MATERIAL FOR THIS EXERCISE:

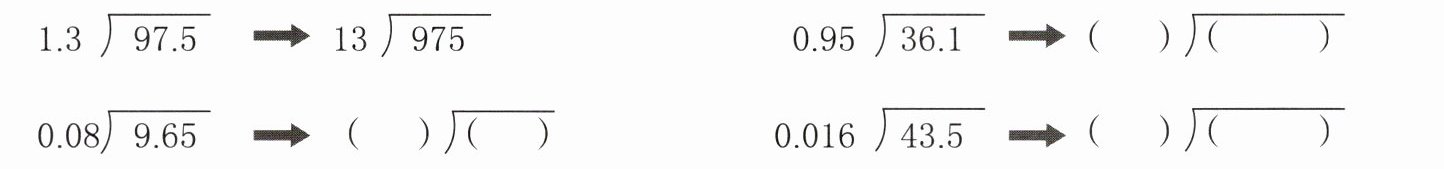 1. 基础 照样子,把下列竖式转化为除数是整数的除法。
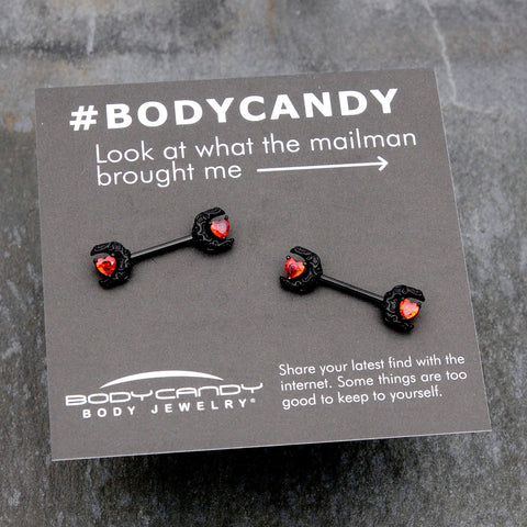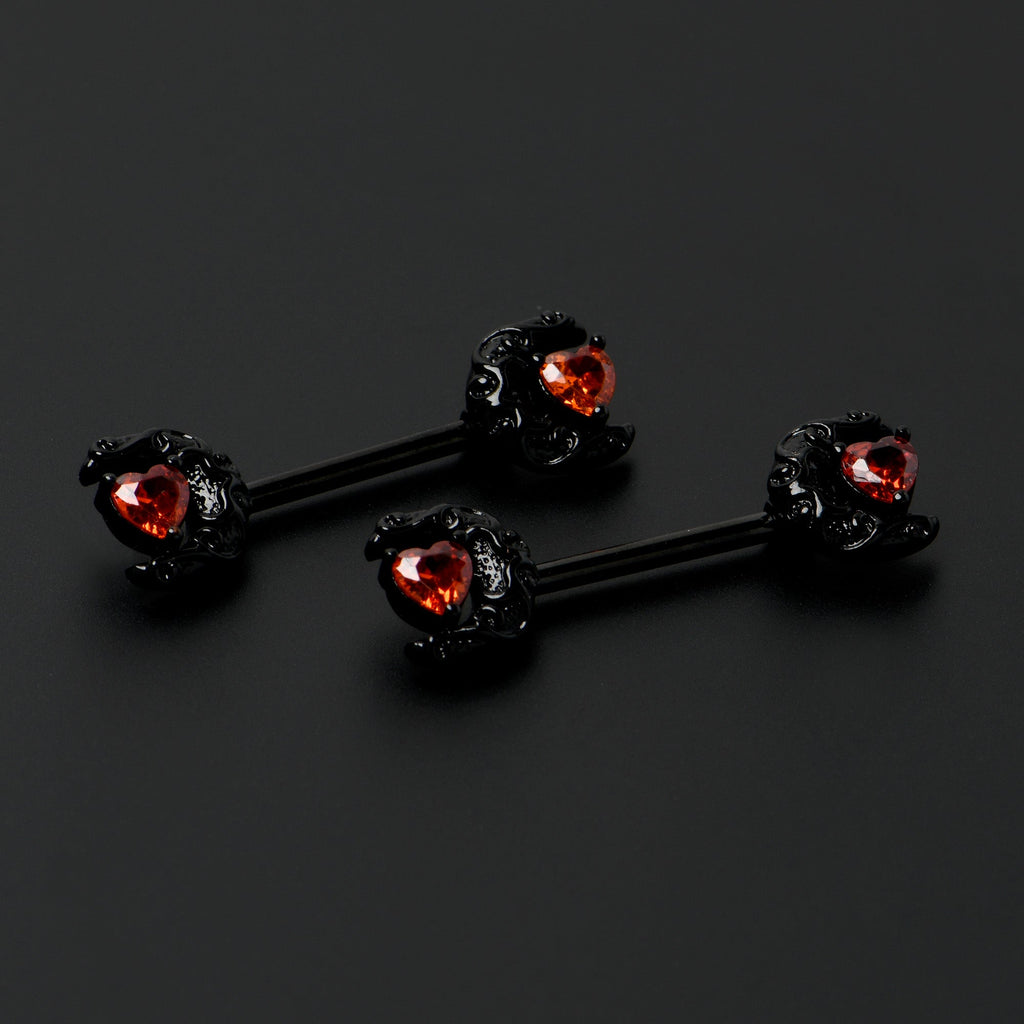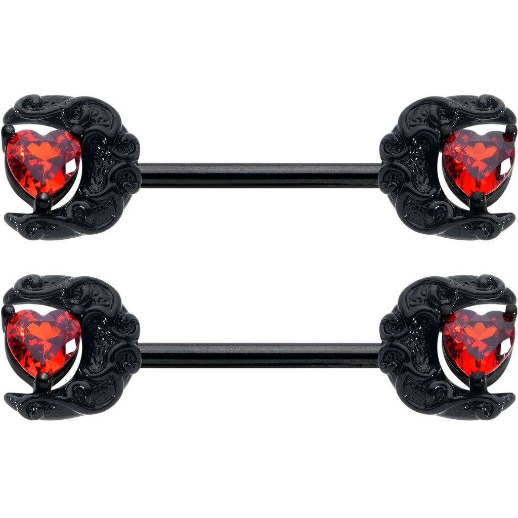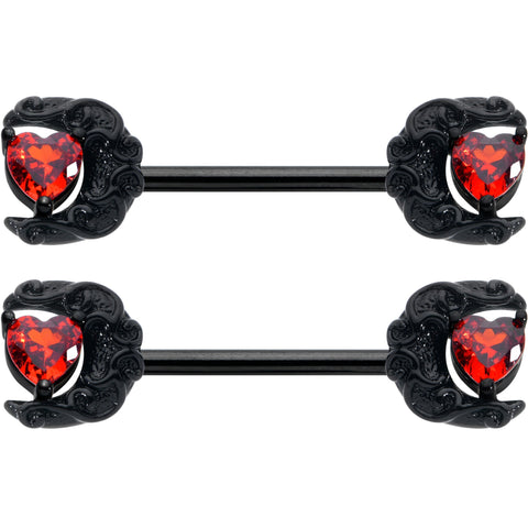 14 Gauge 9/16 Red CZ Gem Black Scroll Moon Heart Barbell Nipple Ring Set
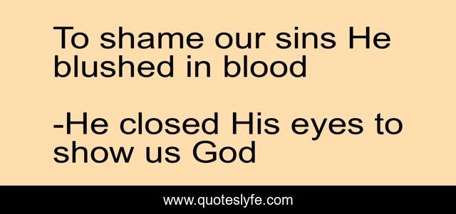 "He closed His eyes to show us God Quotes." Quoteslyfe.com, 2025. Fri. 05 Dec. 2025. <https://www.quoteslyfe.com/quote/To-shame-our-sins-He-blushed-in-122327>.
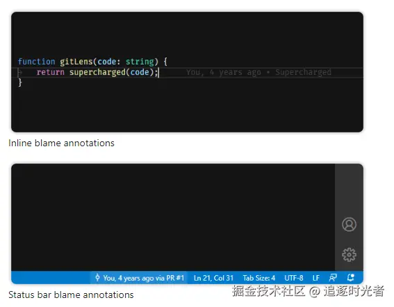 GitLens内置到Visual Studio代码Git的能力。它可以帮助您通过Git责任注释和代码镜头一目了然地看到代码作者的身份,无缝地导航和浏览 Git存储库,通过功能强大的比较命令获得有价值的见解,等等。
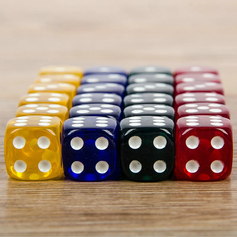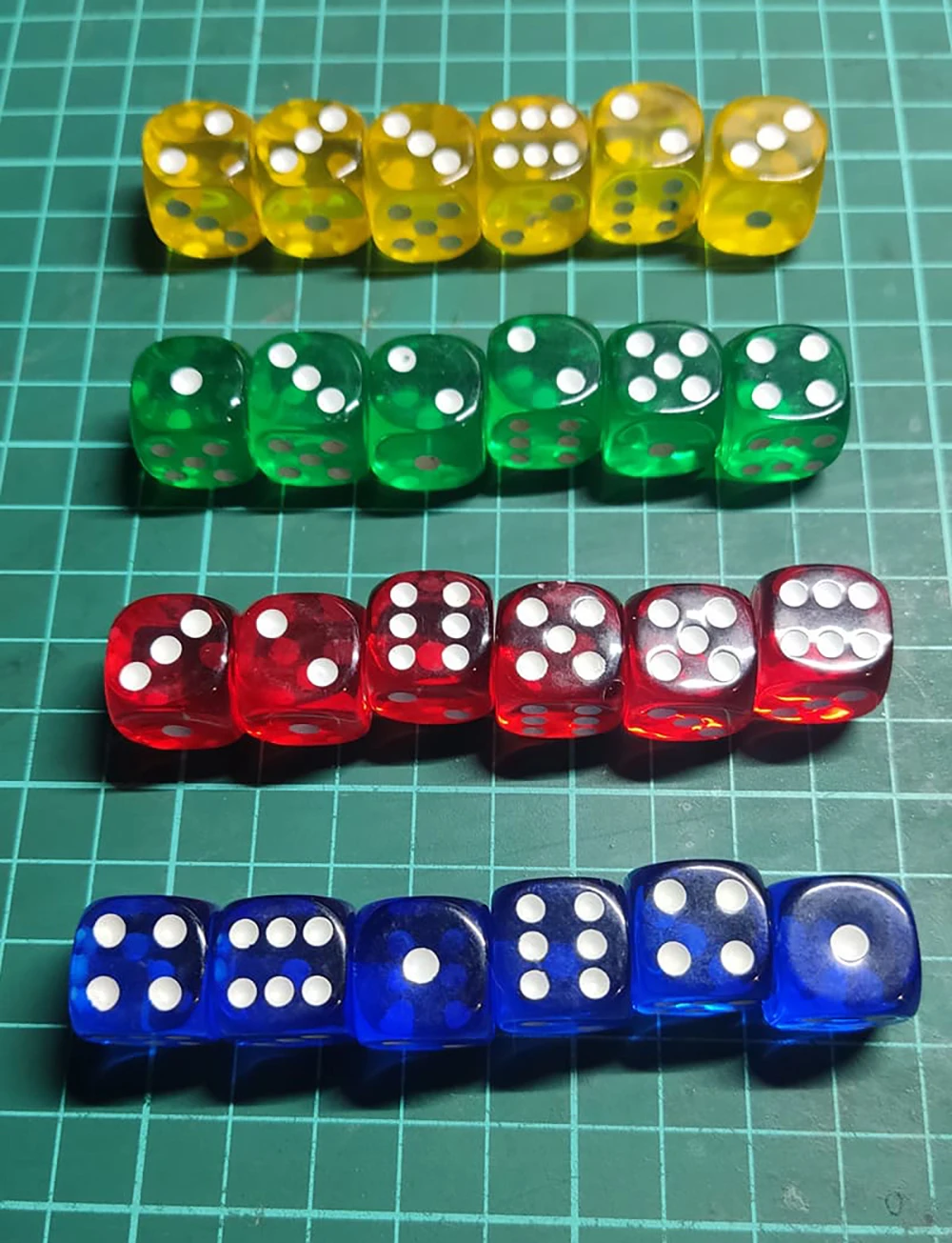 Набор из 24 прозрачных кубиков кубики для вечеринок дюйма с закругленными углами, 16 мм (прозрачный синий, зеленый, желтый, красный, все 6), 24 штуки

WHAT YOU ARE ASKED TO DO: Word for word, give the entries back in full; the pictures do not belong in the copy.

ANSWER BOX:
 1. 基础 照样子,把下列竖式转化为除数是整数的除法。
 14 Gauge 9/16 Red CZ Gem Black Scroll Moon Heart Barbell Nipple Ring Set
 "He closed His eyes to show us God Quotes." Quoteslyfe.com, 2025. Fri. 05 Dec. 2025. <https://www.quoteslyfe.com/quote/To-shame-our-sins-He-blushed-in-122327>.
 GitLens内置到Visual Studio代码Git的能力。它可以帮助您通过Git责任注释和代码镜头一目了然地看到代码作者的身份,无缝地导航和浏览 Git存储库,通过功能强大的比较命令获得有价值的见解,等等。
 Набор из 24 прозрачных кубиков кубики для вечеринок дюйма с закругленными углами, 16 мм (прозрачный синий, зеленый, желтый, красный, все 6), 24 штуки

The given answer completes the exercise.